■ WORK REQUEST: Your reply should consist only of the lines from the one holding "Entrepreneur looking tensed" to the last line of the data below, written out exactly and without pictures.

━━━━━━━━━━━━━━━━

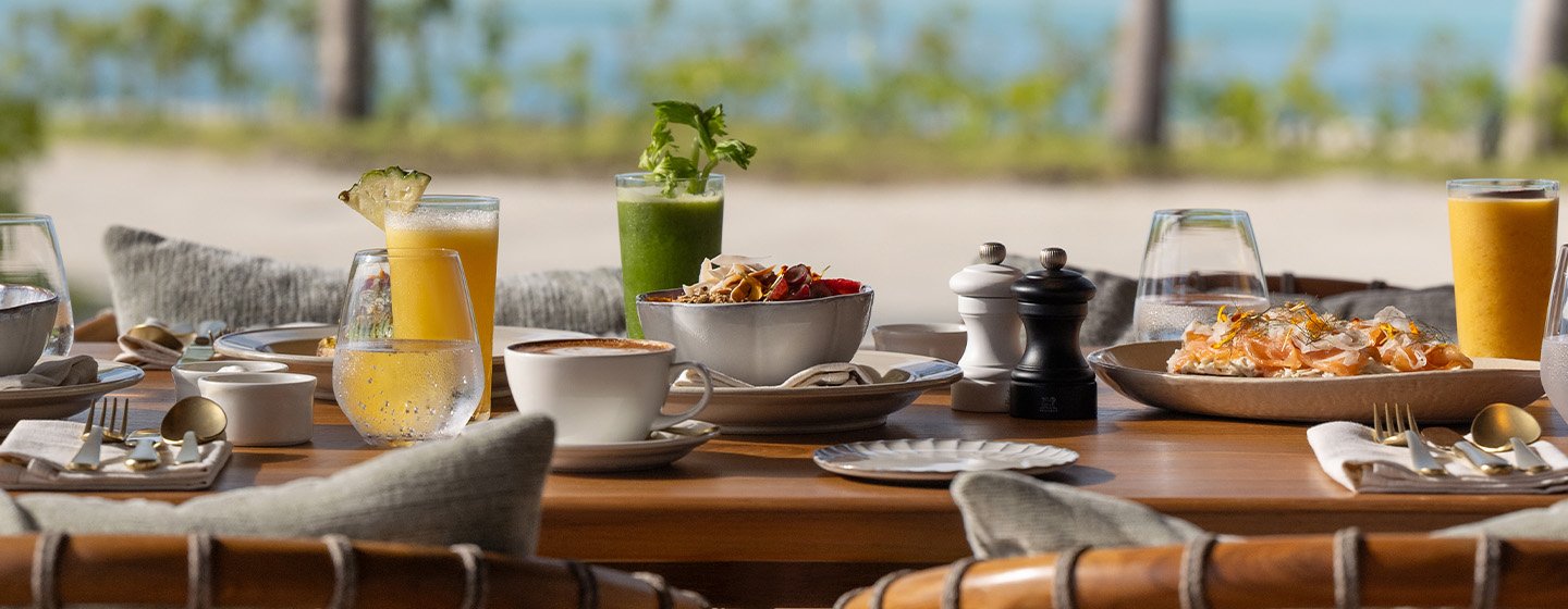 تجربة طعام طوال اليوم مستوحاة من نكهات آسيا، في أجواء هادئة على الشاطئ بلمسات تصميمية بان آسيوية. قائمة الطعام تتضمن أطباقًا من كود الأسود، أضلاع الغنم، ديم سوم، وسلطات خفيفة.
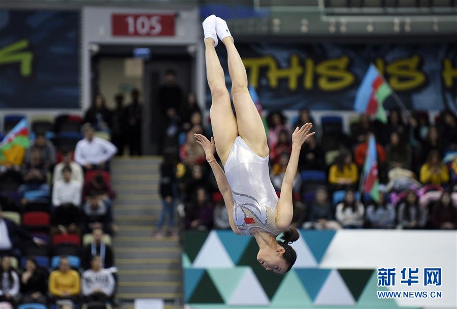 2月16日,中国选手朱雪莹在比赛中。 当日,在阿塞拜疆首都巴库举行的2020年蹦床世界杯系列赛巴库站女子网上个人决赛中,中国选手朱雪莹以55.810分的总成绩夺冠。 新华社发(巴巴耶夫摄)
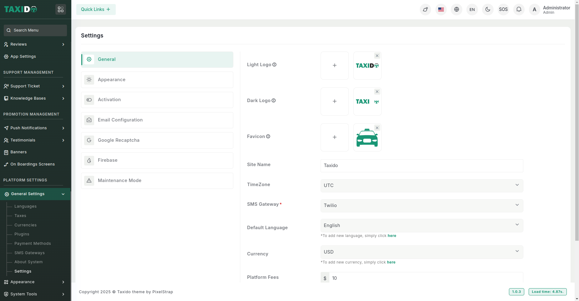 - Primary Color: Select the primary color to customize the admin panel theme.
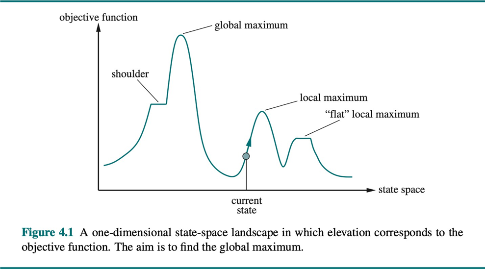 - Local Optima: These are states that are superior to all their immediate neighbors but are inferior to the global optimum. A simple hill-climbing algorithm, upon reaching a local optimum, will terminate, as it has no incentive to make a move that would temporarily worsen the objective value.
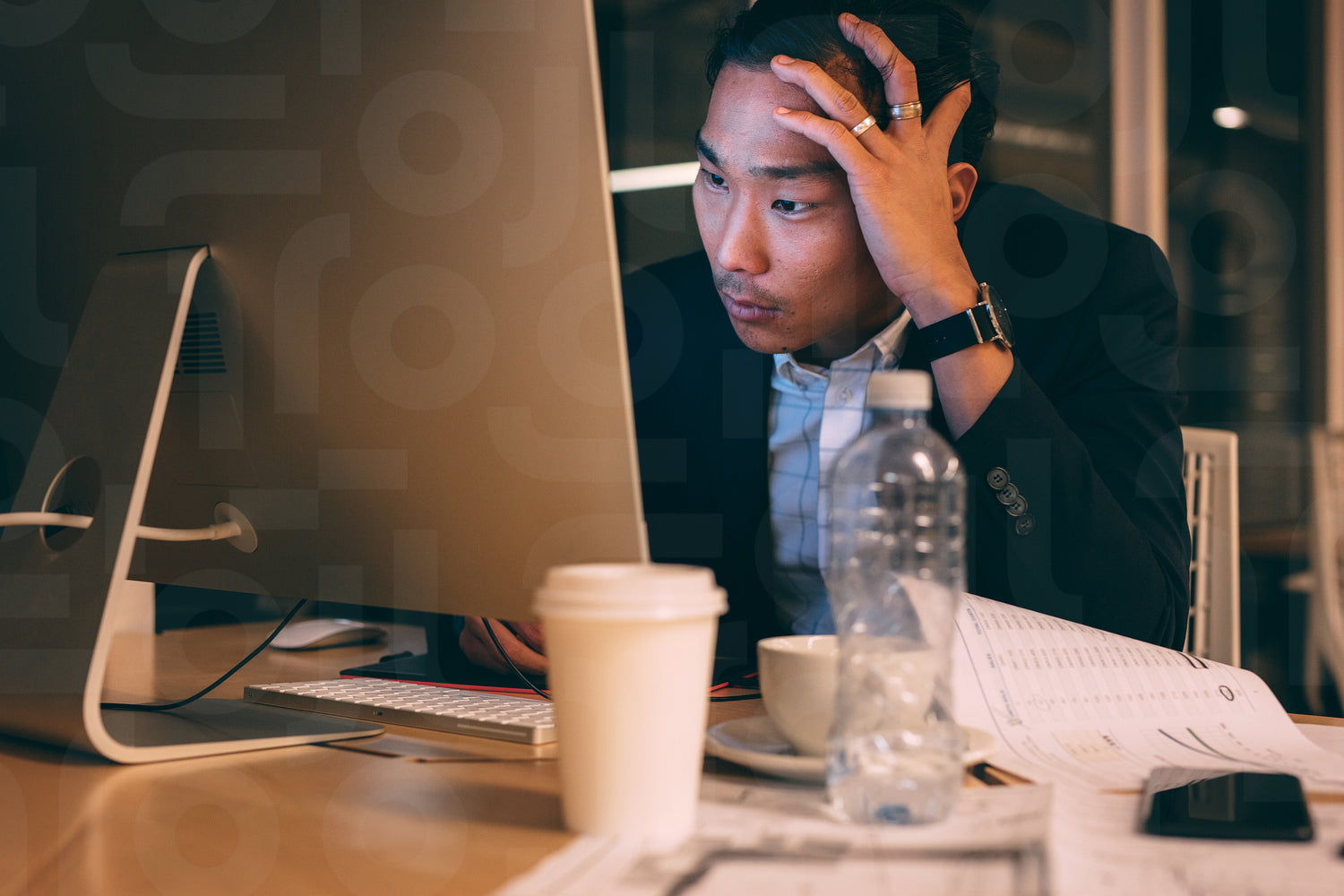 Entrepreneur looking tensed while working late in office. Businessman sitting in front of computer with hand on head working late night.
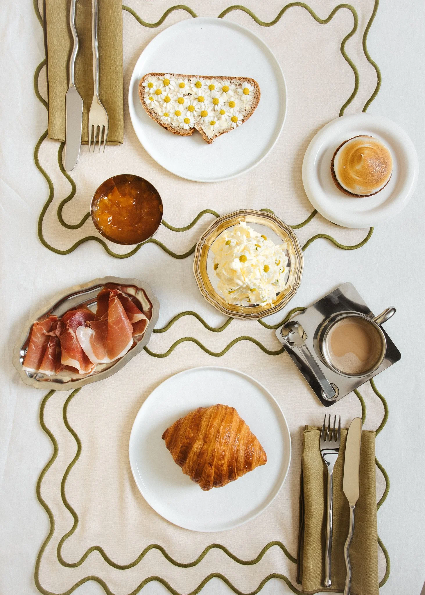Met deze Wavy placemats in beige en groen geef je je tafelsetting meteen een speelse, elegante toets. De golvende rand en het subtiele borduurwerk zorgen voor een verfijnde afwerking die zowel bij een minimalistische als bij een rijk gedekte tafel mooi tot zijn recht komt.
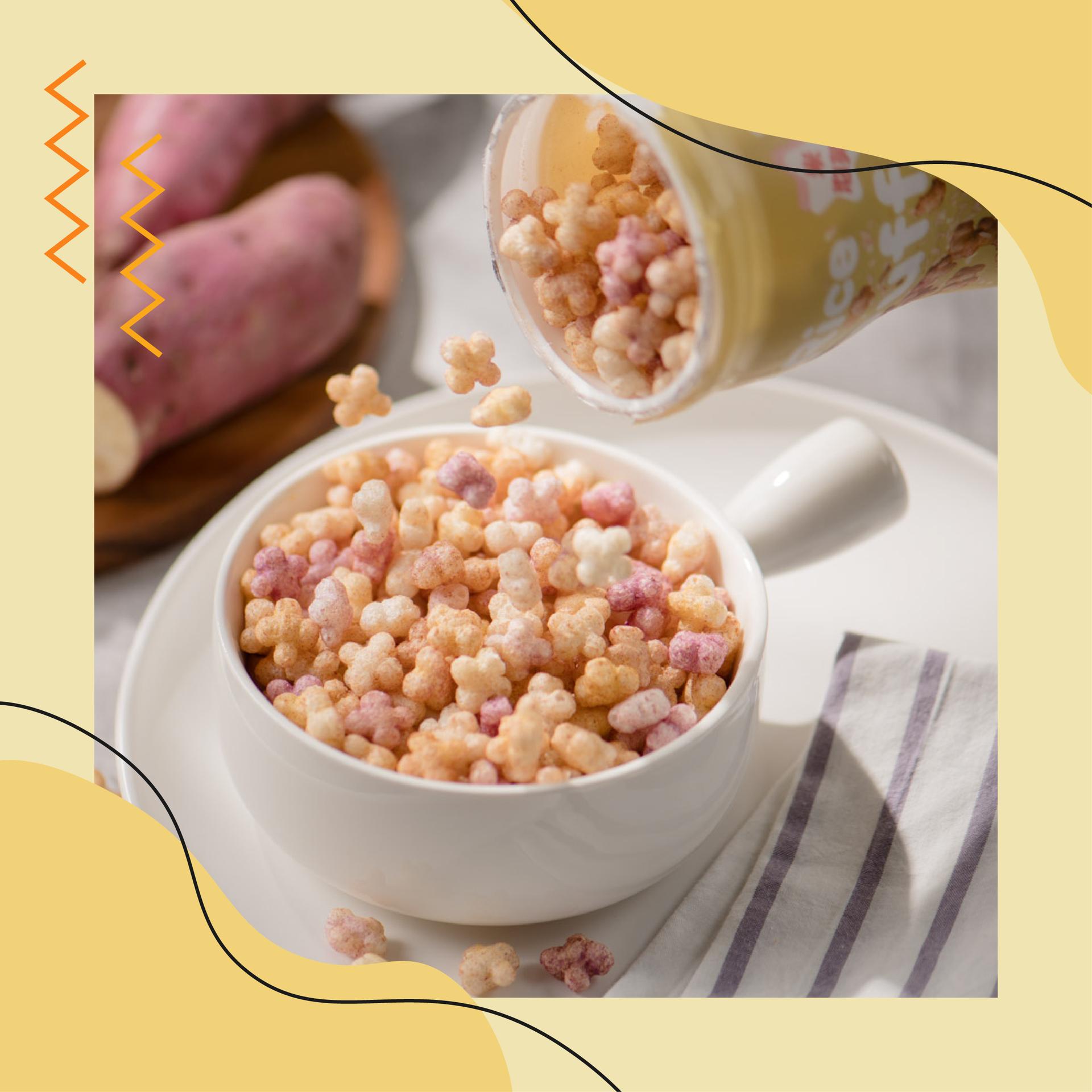 採用馬來西亞國產白米、糙米製成。 搭配南瓜、紫薯創造出多層風味 米香X蔬果碰出新滋味,一次滿足2種風味。 100%無添加任何調味,取自食材原味。
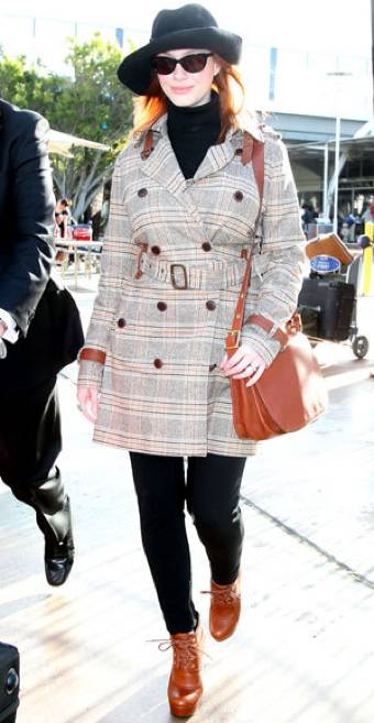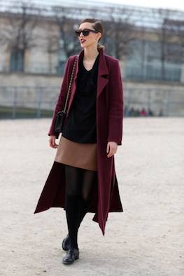 从胸下沿开始逐渐变宽的A型大衣很适合苹果形身材,因为苹果形身材要避免腰部最粗的那一截有大衣卡在肉上的情况发生。

━━━━━━━━━━━━━━━━

■ ANSWER SECTION:
 Entrepreneur looking tensed while working late in office. Businessman sitting in front of computer with hand on head working late night.
Met deze Wavy placemats in beige en groen geef je je tafelsetting meteen een speelse, elegante toets. De golvende rand en het subtiele borduurwerk zorgen voor een verfijnde afwerking die zowel bij een minimalistische als bij een rijk gedekte tafel mooi tot zijn recht komt.
 採用馬來西亞國產白米、糙米製成。 搭配南瓜、紫薯創造出多層風味 米香X蔬果碰出新滋味,一次滿足2種風味。 100%無添加任何調味,取自食材原味。
 从胸下沿开始逐渐变宽的A型大衣很适合苹果形身材,因为苹果形身材要避免腰部最粗的那一截有大衣卡在肉上的情况发生。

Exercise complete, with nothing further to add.